Two final limitations concern the secondary analyses of the data as well as the representativity of the present sample in terms of students’ educational background and native language. Children with a migration background and children whose parents had lower school leaving certificates were underrepresented in the present sample (migration background: 22.1% in the present sample vs. 40.4% of all German primary school students; Federal Statistical Office, 2019; higher education degree: 35.8% in the present sample vs. 17.6% in the population, Federal Statistical Office, 2020).

4.7 Outlook and conclusion

Given the cross-sectional data, we described students’ characteristic profiles with regard to their SEES depending on whether they were overestimated, accurately judged, or underestimated by their teachers. It would be interesting to investigate the presumed direction of the effect of TJA on SEES in a longitudinal study. Additionally, it would be interesting to investigate the reciprocal effects of TJA and SEES. It is possible that overestimation and underestimation in the long term manifest themselves in a positive and negative spiral, respectively.

Overall, the present results suggest that primary school students who are overestimated in their cognitive ability by their teachers socio-emotionally experience school most positively, followed by students who are accurately judged. Students who are underestimated in their cognitive ability experience school most negatively and, most importantly, below the average of all students.
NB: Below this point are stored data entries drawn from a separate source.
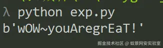 from Crypto.Cipher import AESkey = b"FanBglFanBglOoO!"ciphertext = bytes.fromhex("d458af702a680ae4d089ce32fc39945d")cipher = AES.new(key, AES.MODE_ECB)result = cipher.decrypt(ciphertext)print(result)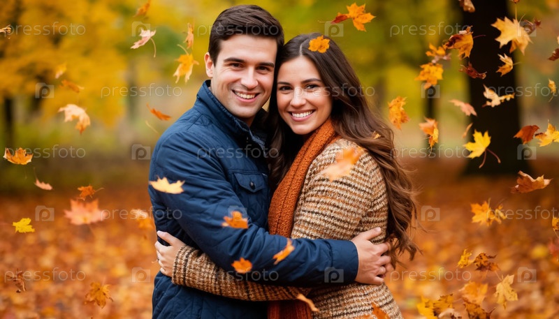 Романтическая осенняя объятия с парой и золотой падение листьев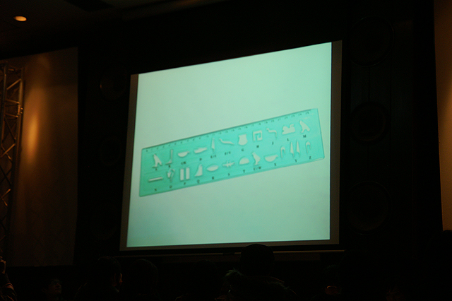 きだて氏がヒエログリフの書ける定規を紹介し。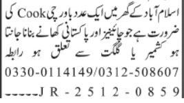 Home jobs commercial dated about 31 December 2025 in every day Jang Newspaper invitations software for the vacant submit of bawarchi, chinese language cook dinner and cook dinner in Islamabad, islamabad Islamabad Pakistan. Candidates with Center and Major and many others. academic background shall be most well-liked.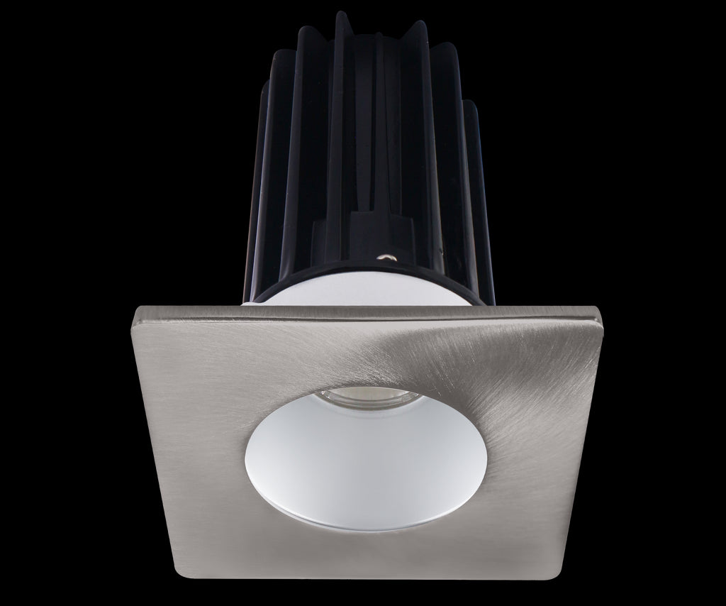 2 Inch Recessed LED Downlight - 8 Watt - 3000 Kelvin - 600 Lumen - Alzak Reflector - Square Brushed Nickel Trim - 38 Degree Beam Angle - Type IC Damp - Air-Tight - Energy Star - T24 - CRI 90+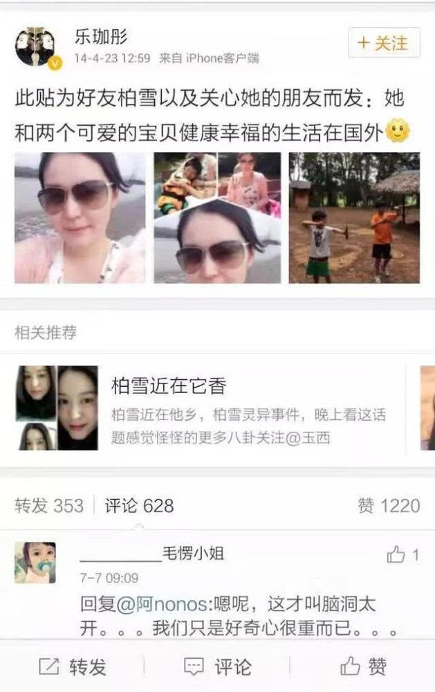 2012年,有人发现柏雪在社交平台注册了账号“柏雪近在它香”,时常更新旅游、聚餐的照片,看上去状态很好,2013年后又停更了。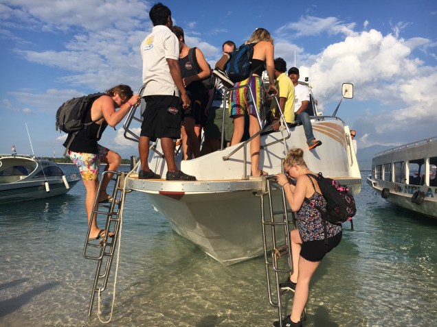 The Gili Islands are a small trio of land masses, only blips on the map really, that somehow support a population of 3,500, yet host several times this in tourists to share the sun, sand, marine life, water activities, and notorious wild parties. To get there, you can either fly to Lombok, the larger adjacent island with an airport, or as most people do, you can take a fast boat from Bali. For me, this took the better part of 6 hours, not due to the distance but purely due to typical disorganized time schedules and disinterested boatmen. Scheduled to be picked up at 10:00, I waited until 11:00. A 90 minute drive from my hotel in Nusa Dua to the pier at Padang Bai, followed by another 60 minute wait, nearly 2 hours on a slow “fast” boat, making two stops at both Lombok and Gili Air, before finally arriving on Gili Trawangan. The top of our ferry was loaded with drunk passengers by the time we arrived so watching them maneuver down the unstable metal ladder was interesting, to say the least.

We conclude that teachers’ attention in terms of the support of SEES might be directed especially to underestimated students. This particularly applies with regard to the experience of the learning environment and the feeling of being accepted by the teacher. Furthermore, the present results imply that teachers should assess and reflect on their TJA of cognitive ability. Encouragingly, inaccuracy only seems to be negative when directed toward underestimation. This suggests that teachers and researchers should focus primarily on reasons for underestimating students.